Daring sculpts, big dual exhausts, bold lines, and Kia’s signature tiger-nose grille, flanked by bi-xenon headlamps, help set the Optima apart. The body is rich with detail, including numerous touches that could do double-duty in a pricier ride.

It’s a similar story on board. Occupants are surrounded by stitching, quilted leather, modern interfaces, and trim materials of various colours, textures and lustres, layered one over the next. Attention to detail is apparent throughout in a cabin that generates a luxurious, formal, high-tech, and uniquely modern atmosphere.

Feature content in the top-line tester included a massive panoramic sunroof, a potent Harman Kardon stereo, and a big, bright central command screen underlined with logical tactile buttons for easy navigation through hundreds of functions. Control interfaces spill down onto the centre console, with various controls placed around the shifter, like a Lexus or BMW.

The suspension sees a layer of softness dialled in around mildly-stiff shocks, for responsive handling and a comfortable ride. Optima neither floats nor crashes into bumps and potholes, preferring instead to absorb them with minimal upset, minimal noise, and a feel of durability. It’s notably stable when tossed around on empty back roads: it’s laid-back, comfortable, and capable. The steering is smooth with no harshness transmitted back to the driver, and is light and lazy at low speeds for easy manoeuvrability in tight quarters.

Even generously-sized adults should find space to spare up front, with numerous at-hand storage implements, cupholders and cubbies close by. Power outlets, even wireless recharging technology are within easy reach, too. Rear seats are spacious where legroom and width are concerned, though headroom is tight for taller passengers. The trunk is extra deep, largely square, and can easily handle a week’s worth of shopping.

Optima’s top-level 2.0-litre turbocharged four-cylinder generates 245 horsepower, 30 less than last year’s model. Torque output is generous, and the less-powerful engine still flings the Optima along with urgency when called upon, though the turbocharger gets into its game more slowly, and with less ferocity than before. Mileage on my watch, including plenty of highway cruising, landed at a respectable 9.5 litres/100 km.

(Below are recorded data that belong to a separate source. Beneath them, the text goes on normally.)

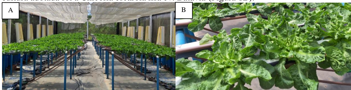
FIGURA 1. Área experimental em uso (A) e cultura da chicória lisa (B).

MATERIAL E MÉTODOS: O experimento foi conduzido na Estação de agricultura irrigada do Departamento de Engenharia Agrícola (DEAGRI) da Universidade Federal Rural de Pernambuco, Campus SEDE , Recife – PE, em ambiente protegido do tipo casa de vegetação no período, de setembro a novembro de 2023. O sistema hidropônico utilizado foi o NFT (técnica de fluxo laminar de nutrientes). A Estrutura experimental foi composta de 64 perfis hidropônicos trapezoidais de 75 mm, com orifícios espaçados a 0,25 m (Figura 1A). A cultura adotada foi a Chicória escarola lisa cv. Batávia (Figura 1B).
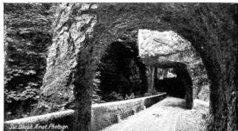
Les Grands Goulets

Quelles excursions?... Grande Chartreuse, ses forêts de sapins et son couvent désert; gorges de la Bourne dont les parois mesurent plus de 200 mètres de hauteur; défilé des Goulets où la route, creusée en plein roc, passe, tour à tour, de l'obscurité des tunnels à la lumière des corniches surplombant le ravin; plateau des Petites-Roches; Bourg-d'Oisans dans un cirque de verdure, La Grave au flanc de la montagne; alpages du Lautaret devant le massif de la Meije; paysage grandiose et sauvage de La Bérarde où la route, tracée dans un véritable chaos de rochers éboulés, domine de plusieurs centaines de mètres les eaux écumantes du Vénéon; circuit du Trièves qui révèle aux touristes le charme souriant des lacs de Laffrey; circuit des grands cols: Glandon (1.933 m.), Croix-de-Fer (2.062 m.), Galibier (2.550 m.), Lautaret (2.108 m.). Et combien d'autres excursions toutes plus belles, toutes plus tentantes.
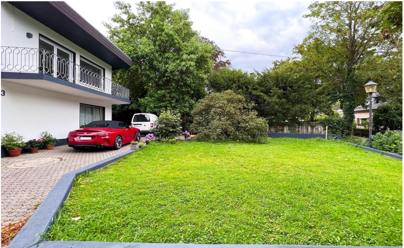
Haus- und Grundstücksansicht
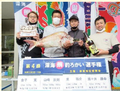
▲「鯛釣ろかい選手権」

深海地区振興会では、『恵まれた自然と共生し、快適に暮らせるまちづくり』をテーマに、令和4年度は「六郎次山ウォーキング大会」「七夕製作設置」「花火大会」「環境美化運動」「グラウンドゴルフ大会」など実施しました。特に、「鯛釣ろかい選手権」は、例年、土曜と日曜の2日間の開催でしたが、今年度は8日間に延長し、コロナやお天気対策を講じて、さらなる地域経済の活性化を図りました。
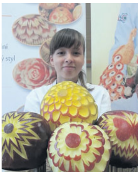
■ Ozdobné vyřezávání ovoce a zeleniny, tak jak ho umí na znojenské střední škole.

Absolvováním kurzu získá každý účastník účastnický list, případně certifikát Carvingové akademie. Zájemcům o kurz veškeré dotazy rádi zodpoví přímo na škole (tel. 537 020 555). lp
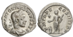
174 70 €
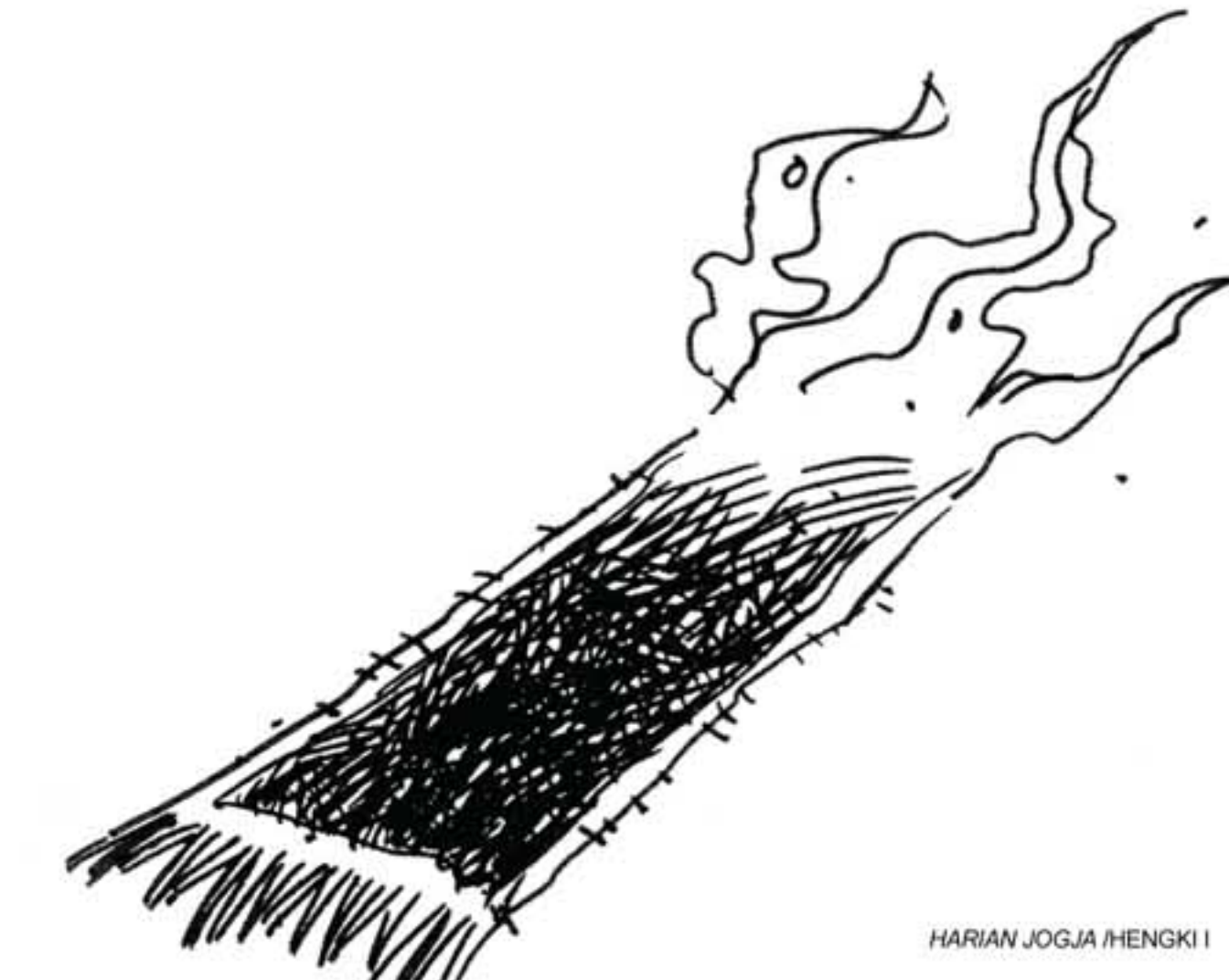
HARIAN JOGJA HENGKI 1

Perlu diketahui bahwa pendidikan karakter bangsa bukan semata-mata tanggung jawab guru, tetapi juga seluruh komponen masyarakat dan lingkungan keluarga. Guru hanya bertugas memberikan pembelajaran tentang pendidikan karakter bangsa melalui ilmu pengetahuan yang diterapkan dalam kurikulum
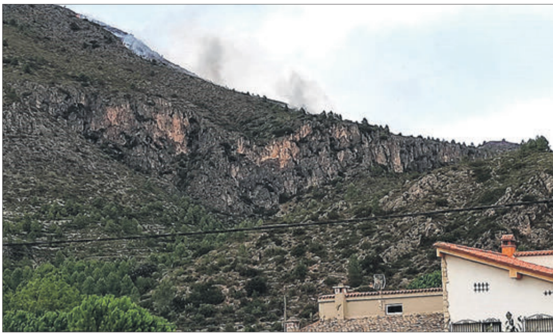
El incendio y el humo era perceptible desde distintas zonas de El Comtat.

"Volem seguir amb aquestes actuacions perquè ens juguem el nostre medi ambient i desitgem salvar el nostre entorn, que és part fonamental per a evitar el despoblament i determinant en el nostre creixement turístic i comercial", va agregar tot seguit.
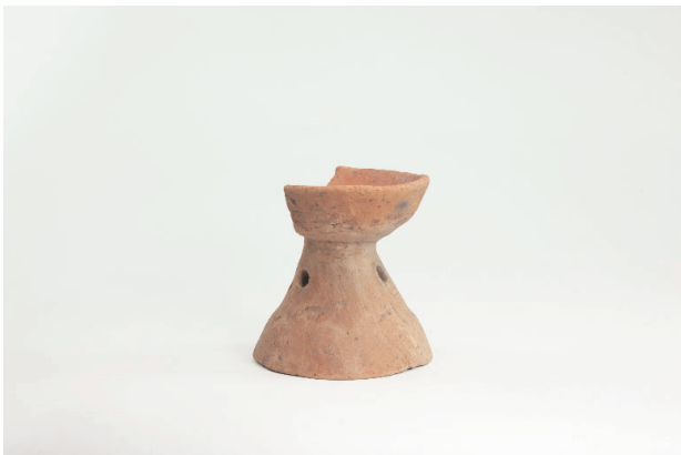
5. 第 17 次調査区出土遺物 7-58
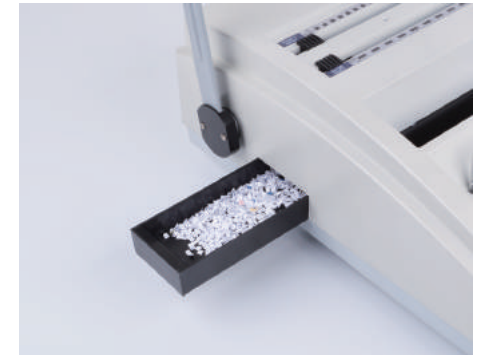
6. 제본이 끝나면 기기 왼쪽의 파지함을 비워주세요.
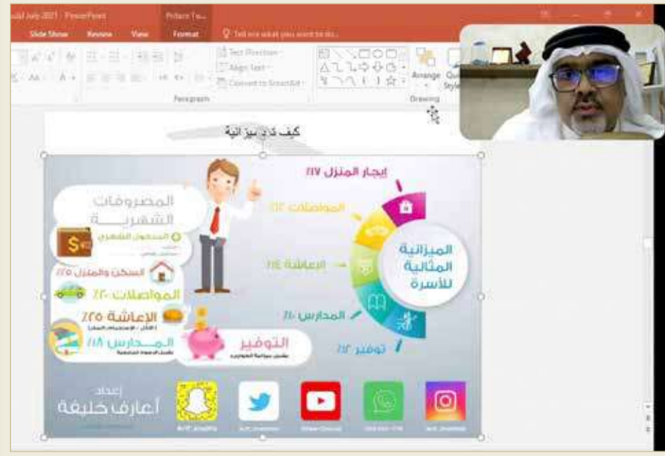
خليفة مستعرضاً خطة الميزانية المثالية للأسرة

وأكد خليفة ضرورة تجنب الوصول إلى هذه المراحل، إذ إن معظم أسباب الوصول لهذه المراحل هي الاقتراض من أجل الكماليات والرفاهية، مشيراً إلى أن حوالي 40 % من الأشخاص الذين يبلغون مراحل الاكتتاب المالي أو الإفلاس المالي يكون سبب حالهم أخذ القروض على القروض من أجل الكماليات.
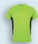
22502 Lima Negro
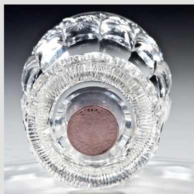
Rys. 4. Dno szkalanicy z monetą, Czechy, szkło, huta hrabiów von Harrach w Neuwelt, 1831.

Powstańcy i patrioci polscy uchodzący z kraju przed prześladowaniami carskimi unosili drobne pamiątki z czasów walki i krótkiej wolności. Należały do nich monety z czasów Królestwa Polskiego 1830–1831 z godłem Królestwa na rewersie: Orłem Polskim i Pogonią Litewską. Ciekawym przykładem pamiątki szklanej
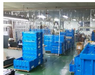
工場にビニールを設置

会社で新しく何か始める時には対象となる補助金が無いか商工会に聞いています。今回もちょうどよい補助金があったので、工事費の3/4を補助してもらいました。

On the other hand, paddle shifting isn’t responsive or quick enough to warrant much use. And the brakes are powerful, but lack any meaningful feel at the pedal, which itself feels like it’s connected to a cinder block. Finally, given the luxury look of the cabin, the ride could be quieter.

Ultimately though, the Optima is a comfortable, well-equipped family sedan that punches well above its weight.

You’ll like this car if ... rich styling, an upscale cabin, advanced features, and a well-sorted ride top your new-car wish-list.


  • Base price: $23,695; as tested: $38,129
  • Engine: 2.0-litre GDI Turbo four-cylinder
  • Transmission/Drive: Six-speed automatic with paddle-shift/Front-wheel drive
  • Fuel Economy (litres/100 km): 10.9 city, 7.4 highway, regular fuel
  • Alternatives: Chevrolet Malibu, Ford Fusion, Toyota Corolla, Nissan Altima, Hyundai Sonata, Mazda6, Honda Accord, Subaru Legacy


  • Looks: Optima is one of the market’s most distinctive and instantly-recognizable family sedans – and is packed full of visual details and drama that form a rich, sophisticated look.
  • Interior: Trim and accents are well used toward an upscale look, and the cabin is roomy, offers plentiful storage, and is largely logical in layout.
  • Performance: Performance is pleasing, though a syrupy steering feel and poor brake feel may leave driving enthusiasts wanting.
  • Technology: The Optima offers a collection of must-have features, including wireless recharging, radar cruise control, a 360-degree camera system, and navigation.
  • Cargo: The Optima’s trunk is deep, wide, largely square, and ready to accept camping supplies for a two-person weekend getaway with ease.



A top-line Optima SX-L amounts to a luxurious, well-equipped and efficient family sedan with world-class styling and a reasonable price-tag. Where style, feature content and comfort are concerned, it’s a compelling value.

Video Review: New Kia Optima Arrives, Sleek and Stylish

The New York Times
Nov 18, 2015

Kia has been known for value and a very long warranty, not as much for world-class design. But the Optima could be among the more stylish sedans on the road. By TOM VOELK/DRIVEN on Publish Date November 18, 2015. Photo by Kia Motors America.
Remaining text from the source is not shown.